Sindrome di Ehlers-Danlos

Con il nome Sindrome di Ehlers-Danlos (EDS) si indica un gruppo eterogeneo di disordini connettivali.

La causa è la mutazione di geni differenti del collagene (COL1A1, COL1A2, CHST14, etc.) 

Modalità di trasmissione: autosomico dominante; autosomico recessivo; X-linked.

Le manifestazioni cliniche principali sono:

• cute iperestensibile, vellutata, dalla consistenza morbida e pastosa;
• guarigione lenta delle ferite;
• cicatrici distrofiche;
• facile formazione di ecchimosi;
• ipermobilità articolare e fragilità generalizzata del tessuto connettivo. 

La classificazione dell’EDS è attualmente in via di definizione se ne distinguono diverse forme; le principali sono:

1. tipo classico con iperestensibilità e fragilità cutanea con cicatrici atrofiche; ipermobilità articolare, che si trasmette con meccanismo autosomico dominante; incidenza 1/20.000-40.000;
2. tipo ipermobile con ipermobilità articolare generalizzata; pelle soffice e vellutata (autosomico dominante); incidenza 1/5.000-10.000;
3. tipo vascolare con pelle sottile, traslucida; fragilità e rottura di arterie, intestino, utero; facile formazione di ematomi; facies caratteristica, lassità alle piccole articolazioni delle mani (autosomico dominante); incidenza 1/50.000-250.000;
4. tipo cifoscoliotico con lassità legamentosa generalizzata; scoliosi progressiva; ipotonia muscolare alla nascita; fragilità delle sclere e rottura del globo oculare (autosomico recessivo); incidenza 1/100.000.

Vengono descritte anche altre forme di EDS più rare.
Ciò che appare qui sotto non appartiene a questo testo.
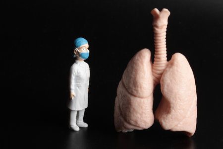 miniature doctor and human lungs on a black background, concept of health care

La sintomatologia clinica è eterogenea in base al tipo di sottogruppo a cui il paziente appartiene. I sintomi più frequenti, ma non tutti sempre presenti, sono: 

• frequenti sublussazioni/lussazioni articolari;
• iperelasticità cutanea;
• cicatrici atrofiche;
• ematomi frequenti;
• dissecazioni e aneurismi aortici;
• rottura di un viscere;
• scoliosi ingravescente;
• pectus excavato.

Non esistono terapie specifiche per la sindrome, devono essere curati i diversi sintomi presenti.